Stored items from a collection —
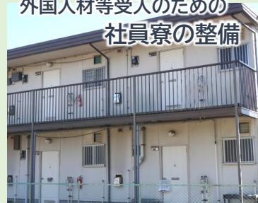
外国人材等受入のための 社員寮の整備
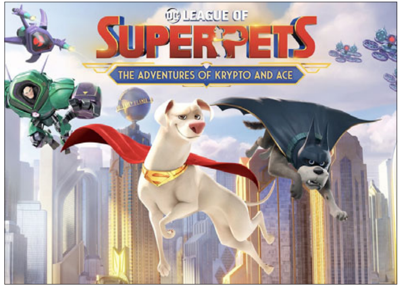
La cartelera del Teatro Municipal para noviembre trae el cine familiar con películas como Jurassic World , Los Minions y Supermascotas .
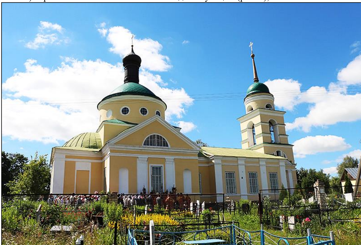
Рис. 1. Никитский храм села Солнцево (Орловский район). Fig. 1. St. Nikitsky Church in the village of Solntsevo (Orel District).

– Никитская церковь на древнем Никитском погосте в современном селе Солнцево Орловского района, отмечена в 1594 году: «Погост на земле царя и великого князя Федора Ивановича всех Руси, на реке на Орле, а на погосте церковь великого мученика Христова Никиты, деревяна, клецки, а в церкви образы и свечи, и книги, и всякое церковное строение приходных людей» (Писцовые книги..., 1887: 943). Село получило название по владельцу – князю Солнцеву-Засекину. Разоренная в Смуту церковь была поставлена на новом месте в Бекетове в 1797 году князем Д.М. Солнцевым-Засекиным. В новом каменном Успенском храме в 1801 г. был освящен правый придел во имя Святого Великомученика Никиты, а в 1843 г. – левый, во имя Святой Мученицы Параскевы. В 1870–1884 гг. по проекту архитектора В.С. Попова был устроен еще один, Архангельский придел (Неделин и Ромашов, 2009: 7). Храм является восстановленным и действующим (рис. 1);
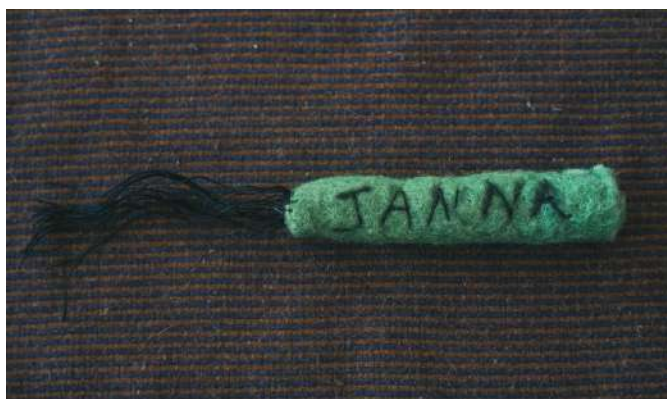
Doudous réalisés dans le cadre des ateliers menés au SAJ de la Courneuve en 2025

PROBLEM DESCRIPTION — Where the line containing "Рис. 1. Никитский" appears in the data above, begin there and output every line through the last, exactly and without pictures.

SOLUTION FOR THIS TASK —
Рис. 1. Никитский храм села Солнцево (Орловский район). Fig. 1. St. Nikitsky Church in the village of Solntsevo (Orel District).

– Никитская церковь на древнем Никитском погосте в современном селе Солнцево Орловского района, отмечена в 1594 году: «Погост на земле царя и великого князя Федора Ивановича всех Руси, на реке на Орле, а на погосте церковь великого мученика Христова Никиты, деревяна, клецки, а в церкви образы и свечи, и книги, и всякое церковное строение приходных людей» (Писцовые книги..., 1887: 943). Село получило название по владельцу – князю Солнцеву-Засекину. Разоренная в Смуту церковь была поставлена на новом месте в Бекетове в 1797 году князем Д.М. Солнцевым-Засекиным. В новом каменном Успенском храме в 1801 г. был освящен правый придел во имя Святого Великомученика Никиты, а в 1843 г. – левый, во имя Святой Мученицы Параскевы. В 1870–1884 гг. по проекту архитектора В.С. Попова был устроен еще один, Архангельский придел (Неделин и Ромашов, 2009: 7). Храм является восстановленным и действующим (рис. 1);
Doudous réalisés dans le cadre des ateliers menés au SAJ de la Courneuve en 2025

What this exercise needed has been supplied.